A Portuguese downgrade dragged the euro lower in generally quiet trading. The Swiss franc appears to have regained its footing as US stocks declined for the first time in six sessions.
The lone market-moving news was from Moody’s who slashed Portugal’s rating to Ba2, down four notches and below investment grade. The move is ominous and suggests a very high possibility Portugal will need to follow Greece toward a second bailout. EUR/USD fell as low as 1.4397 but has rebounded to 1.4426. See the earlier IMT for more.
The euro was spared by expectations of a rate hike on Thursday. Traders looking to exploit further sovereign concerns in Europe should look to the Swiss franc. It has rallied broadly and will not be overwhelmed by the ECB decision. The commodity currencies were all lower versus CHF on Tuesday after 5 days of gains. Another trade that was boosted by the flight to safety from Europe was gold as it surged $30 to $1515.

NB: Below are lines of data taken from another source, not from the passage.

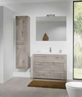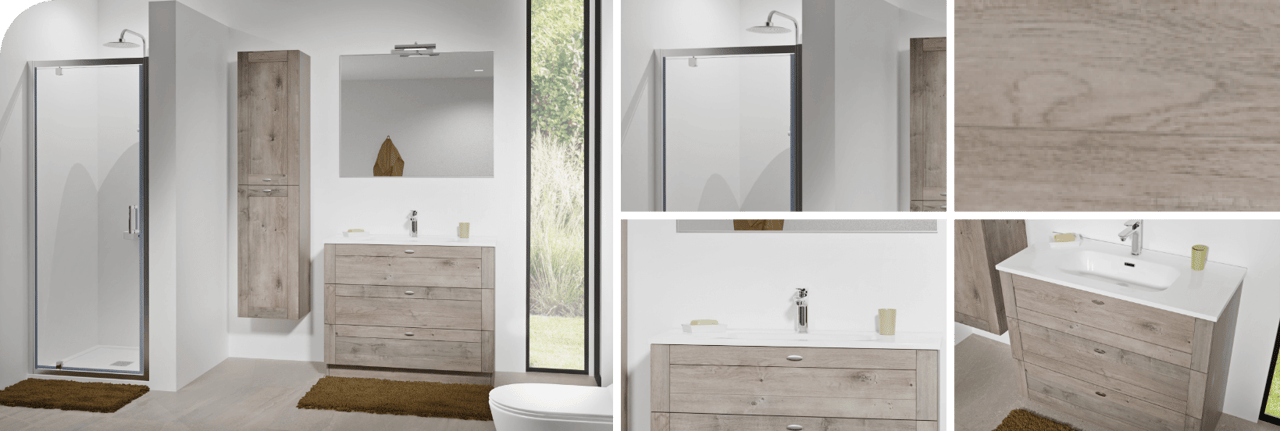 Een badkamer waar natuurlijke elegantie en eigentijds comfort samenkomen. De subtiele grijze houtlook brengt een authentieke uitstraling, terwijl de strakke chroomaccenten zorgen voor een moderne touch. Dankzij slimme opbergruimte blijft deze badkamer overzichtelijk en rustgevend, perfect voor een ontspannen start van de dag.
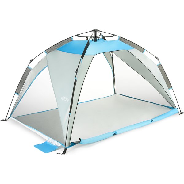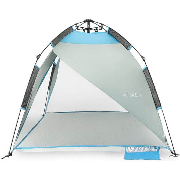 Ten model sprawdzi się znakomicie podczas ciepłych dni. Namiot możesz zabrać ze sobą w każdą podróż, co wynika z możliwości składania. Przemyślana budowa i wykorzystane materiały sprawiają, że namiot bez trudu rozłożysz i złożysz, oszczędzając swój wolny czas. Sam materiał jest przewiewny i lekki, dlatego to idealny wybór na lato. Wymiary modelu są odpowiednie dla więcej niż jednej osoby, więc to dobry model jeżeli wybierasz się na plażę ze znajomymi lub rodziną.
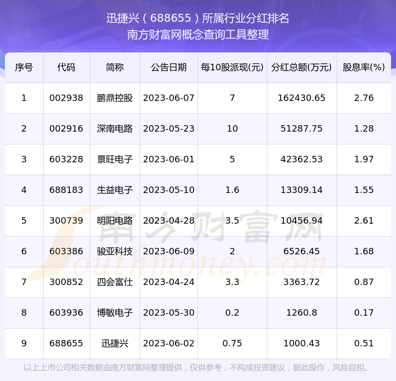 按照南方財富網(wǎng)趨勢選股系統(tǒng)統(tǒng)計,迅捷興所屬行業(yè)為印制電路板行業(yè),印制電路板行業(yè)分紅排名情況如下表:
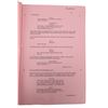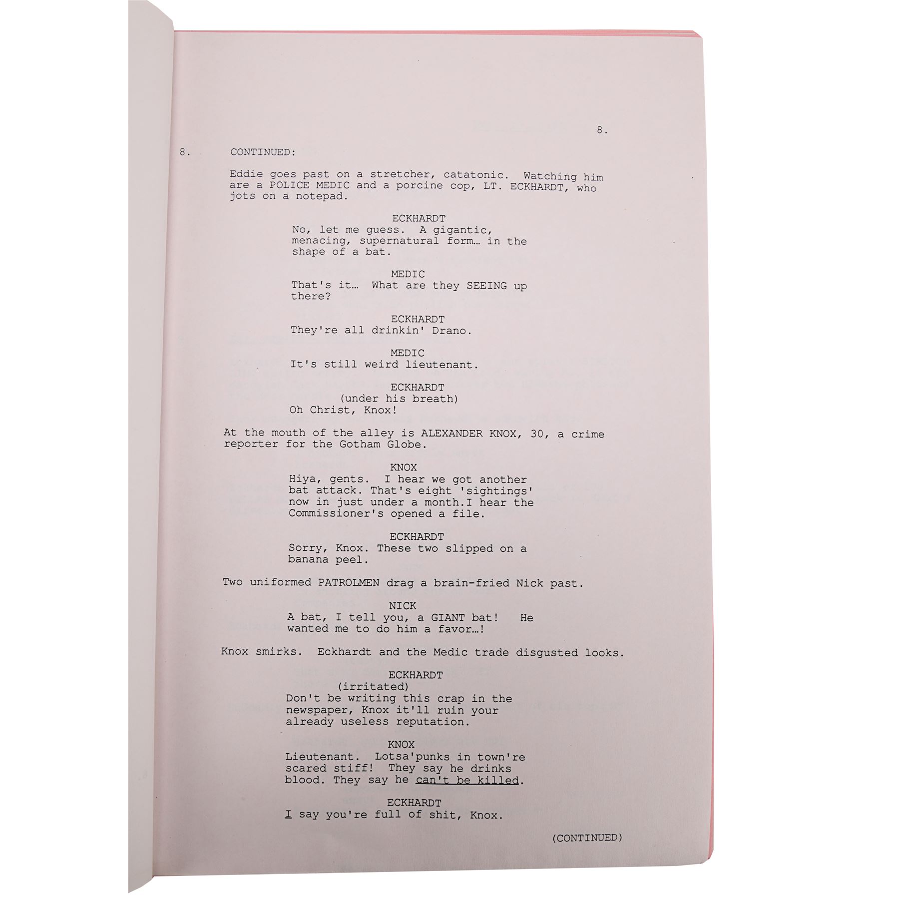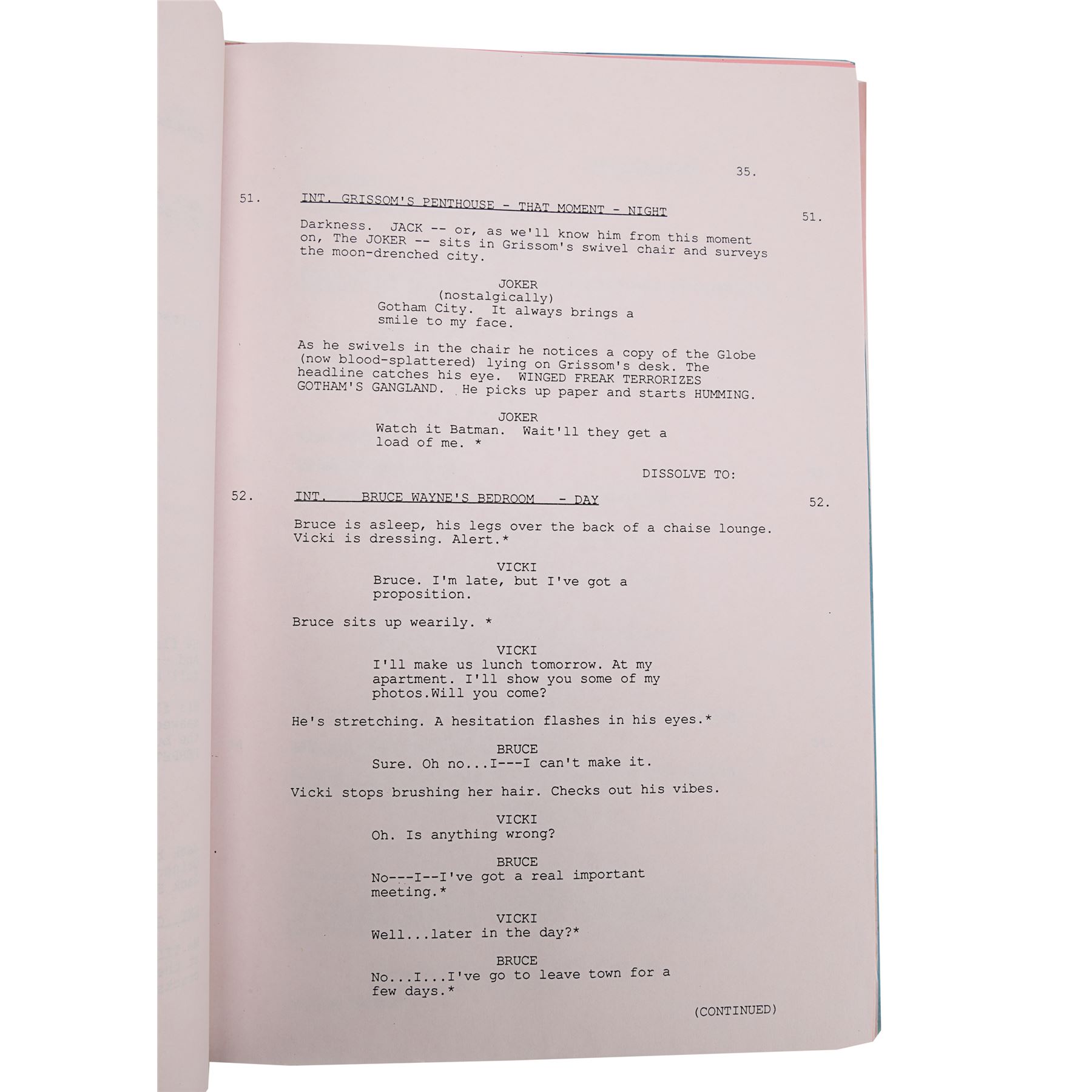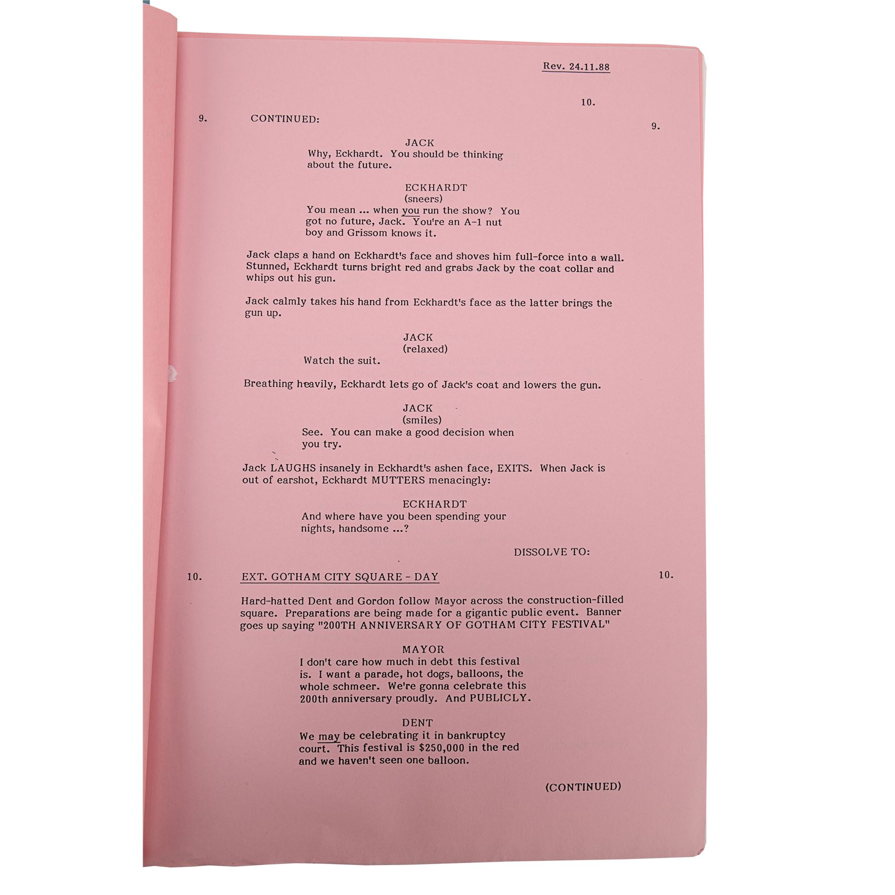 A fifth draft script from the production of Tim Burton's superhero film Batman. Bound in blue card with a metal script clip, the 110-page script is printed onto white A4 paper and is dated "6 October 1988". Several revisions printed on pink and light blue coloured paper are situated throughout the document. The cover features a cut-out window revealing the film's title, and the issue number "172" is handwritten in the top right corner of the title page. Corrosion is present on the metal fastenings, the card cover is loose, and the script displays several marks. Dimensions: 30.5 cm x 22 cm x 1.5 cm (12" x 8 1/2" x 1/2")
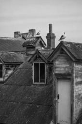 Keywords: roof rooftop bird dove seagull window building chimney property tile home house roofing old ancient alcatraz old house old town
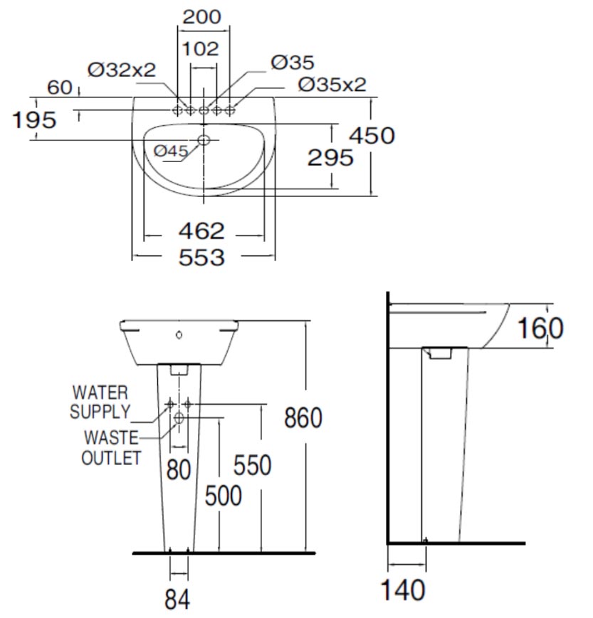 Bản vẽ kĩ thuật chậu lavabo American Standard 0953-WT WP-F711 Neo Modern chân dài treo tường
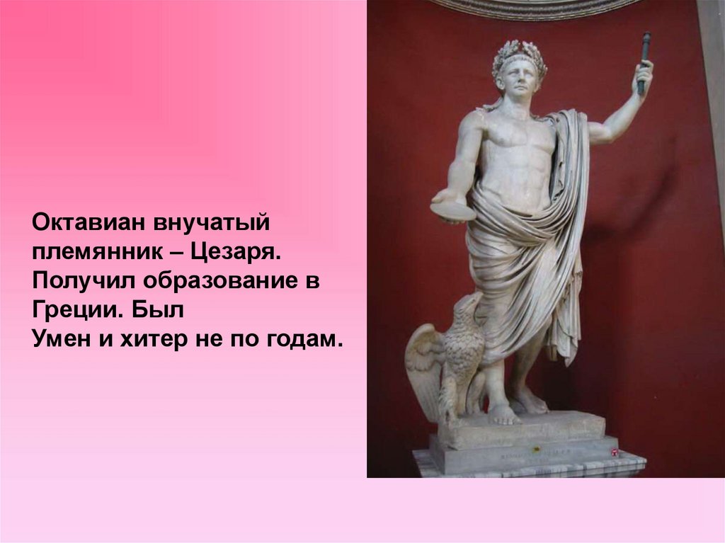 Октавиан внучатыйплемянник – Цезаря.
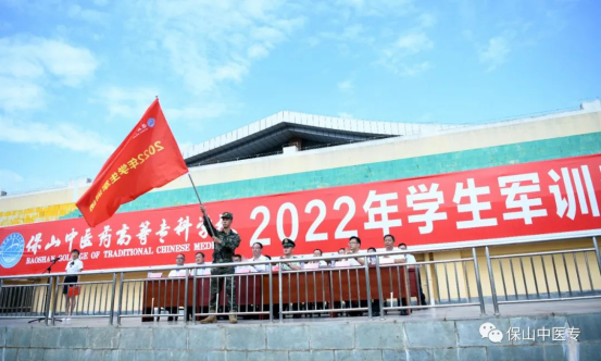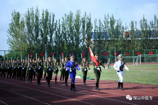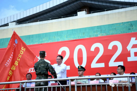 黄鹤平为学校2021级普专、2019级五年制大专军训团授军旗,全体学生进行军训宣誓。

Unfortunately, the data calendar remains scarce. The lone release in Asia is Japan’s May preliminary leading indicators report. A rebound to 99.8 from 96.2 is expected but the report is unlikely to have any market-moving impact. In Monday’s session, rumours circulated of a Chinese interest rate hike this weekend. Moody’s also spooked markets with a report saying local government loans may default at a 10% rate. The fallout may dictate trading on in the hours ahead.